:: Information ::
-- -- --

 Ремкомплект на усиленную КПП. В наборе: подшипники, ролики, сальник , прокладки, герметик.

-- -- --

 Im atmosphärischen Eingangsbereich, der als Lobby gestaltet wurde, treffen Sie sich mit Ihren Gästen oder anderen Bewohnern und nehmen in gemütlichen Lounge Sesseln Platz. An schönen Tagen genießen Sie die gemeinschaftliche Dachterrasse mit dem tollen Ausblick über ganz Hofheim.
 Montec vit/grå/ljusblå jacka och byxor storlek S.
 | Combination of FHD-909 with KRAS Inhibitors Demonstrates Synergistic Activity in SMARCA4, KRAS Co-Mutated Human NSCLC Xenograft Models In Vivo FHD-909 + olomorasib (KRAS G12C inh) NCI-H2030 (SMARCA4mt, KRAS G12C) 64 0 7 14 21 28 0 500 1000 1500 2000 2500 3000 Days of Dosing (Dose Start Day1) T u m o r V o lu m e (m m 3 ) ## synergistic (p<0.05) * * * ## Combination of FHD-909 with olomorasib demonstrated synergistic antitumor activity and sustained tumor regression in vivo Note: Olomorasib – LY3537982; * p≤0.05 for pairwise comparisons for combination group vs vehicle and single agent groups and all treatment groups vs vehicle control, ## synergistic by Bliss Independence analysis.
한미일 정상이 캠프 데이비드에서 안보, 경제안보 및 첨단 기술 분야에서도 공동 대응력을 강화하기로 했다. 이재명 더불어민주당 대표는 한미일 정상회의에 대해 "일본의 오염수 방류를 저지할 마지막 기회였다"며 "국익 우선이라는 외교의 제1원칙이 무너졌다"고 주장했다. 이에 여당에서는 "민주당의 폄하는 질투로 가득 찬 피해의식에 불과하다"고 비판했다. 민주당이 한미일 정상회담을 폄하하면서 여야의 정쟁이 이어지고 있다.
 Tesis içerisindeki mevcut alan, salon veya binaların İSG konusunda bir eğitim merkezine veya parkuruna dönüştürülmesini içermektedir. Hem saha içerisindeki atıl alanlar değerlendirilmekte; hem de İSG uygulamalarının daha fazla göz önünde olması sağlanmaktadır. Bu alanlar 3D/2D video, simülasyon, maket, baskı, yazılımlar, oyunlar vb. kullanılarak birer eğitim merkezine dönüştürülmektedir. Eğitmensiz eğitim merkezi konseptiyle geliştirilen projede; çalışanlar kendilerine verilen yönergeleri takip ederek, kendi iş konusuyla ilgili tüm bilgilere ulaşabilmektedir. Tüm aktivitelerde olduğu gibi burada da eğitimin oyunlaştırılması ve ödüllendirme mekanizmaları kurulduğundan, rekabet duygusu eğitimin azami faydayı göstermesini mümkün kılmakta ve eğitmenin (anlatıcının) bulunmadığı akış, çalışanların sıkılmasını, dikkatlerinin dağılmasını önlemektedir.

-- -- --

:: About this task ::
From the entries above, restate word for word the lines from the line containing "Bliss Independence analysis." to the line containing "Tesis içerisindeki mevcut", both ends included, and nothing more.

:: Solution ::
 | Combination of FHD-909 with KRAS Inhibitors Demonstrates Synergistic Activity in SMARCA4, KRAS Co-Mutated Human NSCLC Xenograft Models In Vivo FHD-909 + olomorasib (KRAS G12C inh) NCI-H2030 (SMARCA4mt, KRAS G12C) 64 0 7 14 21 28 0 500 1000 1500 2000 2500 3000 Days of Dosing (Dose Start Day1) T u m o r V o lu m e (m m 3 ) ## synergistic (p<0.05) * * * ## Combination of FHD-909 with olomorasib demonstrated synergistic antitumor activity and sustained tumor regression in vivo Note: Olomorasib – LY3537982; * p≤0.05 for pairwise comparisons for combination group vs vehicle and single agent groups and all treatment groups vs vehicle control, ## synergistic by Bliss Independence analysis.
한미일 정상이 캠프 데이비드에서 안보, 경제안보 및 첨단 기술 분야에서도 공동 대응력을 강화하기로 했다. 이재명 더불어민주당 대표는 한미일 정상회의에 대해 "일본의 오염수 방류를 저지할 마지막 기회였다"며 "국익 우선이라는 외교의 제1원칙이 무너졌다"고 주장했다. 이에 여당에서는 "민주당의 폄하는 질투로 가득 찬 피해의식에 불과하다"고 비판했다. 민주당이 한미일 정상회담을 폄하하면서 여야의 정쟁이 이어지고 있다.
 Tesis içerisindeki mevcut alan, salon veya binaların İSG konusunda bir eğitim merkezine veya parkuruna dönüştürülmesini içermektedir. Hem saha içerisindeki atıl alanlar değerlendirilmekte; hem de İSG uygulamalarının daha fazla göz önünde olması sağlanmaktadır. Bu alanlar 3D/2D video, simülasyon, maket, baskı, yazılımlar, oyunlar vb. kullanılarak birer eğitim merkezine dönüştürülmektedir. Eğitmensiz eğitim merkezi konseptiyle geliştirilen projede; çalışanlar kendilerine verilen yönergeleri takip ederek, kendi iş konusuyla ilgili tüm bilgilere ulaşabilmektedir. Tüm aktivitelerde olduğu gibi burada da eğitimin oyunlaştırılması ve ödüllendirme mekanizmaları kurulduğundan, rekabet duygusu eğitimin azami faydayı göstermesini mümkün kılmakta ve eğitmenin (anlatıcının) bulunmadığı akış, çalışanların sıkılmasını, dikkatlerinin dağılmasını önlemektedir.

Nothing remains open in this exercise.